#1199: convert GD field notes to html and add to fieldnotes.makingandknowing - docx/gdoc

opened by njr2128

All field notes from Fall 2018 are housed in GD, and were not included in the wikispace archive subdomain under the Project's website.

These need to be converted from googledoc / docx to html and added to the subdomain so that they can be linked to from annotations


njr2128 commented:

Downloaded entire directory "Field Notes Fall 2018" within "Student Files" Extracted the zipped file Sanitized file names: detox -r Field\ Notes\ Fall\ 2018 [njr2128@LAPTOP-0SMCQ75L:/mnt/c/users/naomi/Downloads$ detox -r Field\ Notes\ Fall\ 2018]


njr2128 commented:

recursively find all docx files and grab their basenames: `for DOCX in `find Field_Notes_Fall_2018 -name '*.docx'`;do BASENAME=`basename -s .docx $DOCX`;echo $BASENAME;done`

In NJR's command line: njr2128@LAPTOP-0SMCQ75L:/mnt/c/users/naomi/Downloads$ for DOCX in `find Field_Notes_Fall_2018 -name '*.docx'`;do BASENAME=`basename -s .docx $DOCX`;echo $BASENAME;done


njr2128 commented:

For every .docx file, in /tmp create directory using basename of file, creating a media directory for all linked media in the same result directory for DOCX in `find Field_Notes_Fall_2018 -name '*.docx'`;do BASENAME=`basename -s .docx $DOCX`;pandoc "$DOCX" --extract-media=/tmp/"$BASENAME" -f docx -t html -s -o /tmp/"$BASENAME"/"$BASENAME".html;done

In NJR command line: njr2128@LAPTOP-0SMCQ75L:/mnt/c/users/naomi/Downloads$ for DOCX in `find Field_Notes_Fall_2018 -name '*.docx'`;do BASENAME=`basename -s .docx $DOCX`;pandoc "$DOCX" --extract-media=/tmp/"$BASENAME" -f docx -t html -s -o /tmp/"$BASENAME"/"$BASENAME".html;done


njr2128 commented:

need to rewrite URLs for linked media to make them relative.
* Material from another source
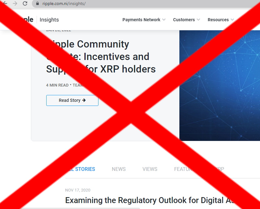 Прежде всего, несовпадение имеется по добавлению и давности материала: у мошенников все статьи якобы от Ripple, кроме материала о фальшивой помощи, опубликованы осенью 2020 года, причем с достаточно частой периодичностью. В настоящем блоге распределение статей идет, соответственно, со значительно большим временным разбросом, а также их самих значительно больше. Кроме того, на поддельном сайте не все категории статей: нет категории Разработчик. Наконец, последнее различие – в самой ссылке на сайт: у мошенников после ripple.com идет еще ni, чего в ссылке на настоящий официальный сайт нет.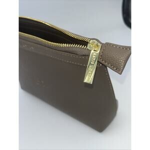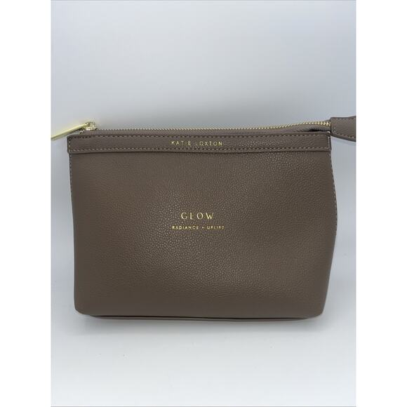 KATIE LOXTON LONDON glow, radiance, uplift makeup case pouch clutch 10”x7”x 2” brown cognac with gold tone accents

Use oXygen. For now, open any project, and use find/replace function, but look in specific directory.

step 1: go to "file" and then "Find/Replace in Files":

image

step 2: change specified path to the directory where html files are:

image

step 3: choose specified path/directory (in this case, NJR's downloads folder, under a folder "tmp"):

image